Electronic Thesis and Dissertation Repository

Degree

Doctor of Philosophy

Program

Computer Science

Supervisor

Charles X. Ling

Abstract

Web search engines have been adopted by most universities for searching webpages in their own domains. Basically, a user sends keywords to the search engine and the search engine returns a flat ranked list of webpages. However, in university search, user queries are usually related to topics. Simple keyword queries are often insufficient to express topics as keywords. On the other hand, most E-commerce sites allow users to browse and search products in various hierarchies. It would be ideal if hierarchical browsing and keyword search can be seamlessly combined for university search engines. The main difficulty is to automatically classify and rank a massive number of webpages into the topic hierarchies for universities.

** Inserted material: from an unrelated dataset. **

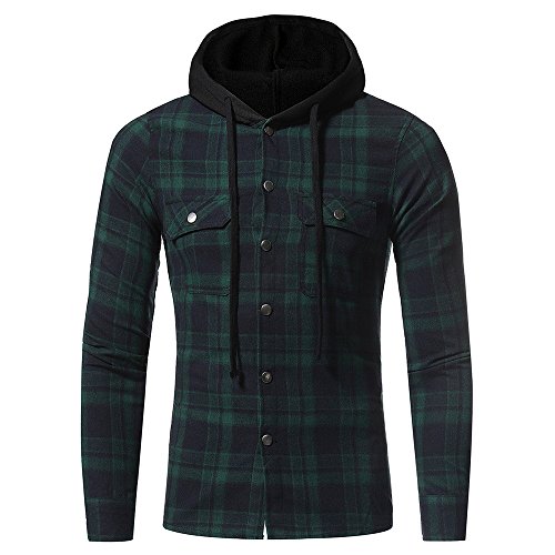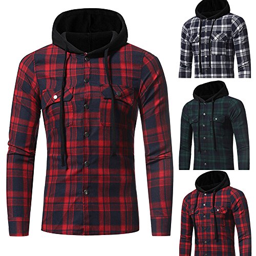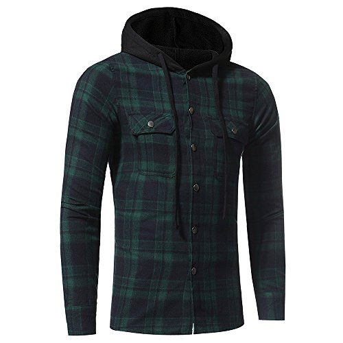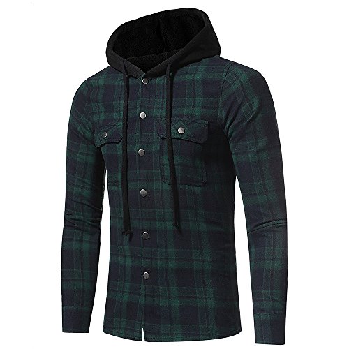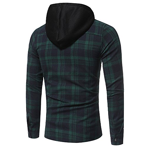 riou Botón Camisa de Manga Larga con Capucha y Cuadros de Otoño Invierno Casual Chaqueta Ropa Tops

In this thesis, we use machine learning and data mining techniques to build a novel hybrid search engine with integrated hierarchies for universities, called SEEU (Search Engine with hiErarchy for Universities).

Firstly, we study the problem of effective hierarchical webpage classification. We develop a parallel webpage classification system based on Support Vector Machines. With extensive experiments on the well-known ODP (Open Directory Project) dataset, we empirically demonstrate that our hierarchical classification system is very effective and outperforms the traditional flat classification approaches significantly.

Secondly, we study the problem of integrating hierarchical classification into the ranking system of keywords-based search engines. We propose a novel ranking framework, called ERIC (Enhanced Ranking by hIerarchical Classification), for search engines with hierarchies. Experimental results on four large-scale TREC (Text REtrieval Conference) web search datasets show that our ranking system with hierarchical classification outperforms the traditional flat keywords-based search methods significantly.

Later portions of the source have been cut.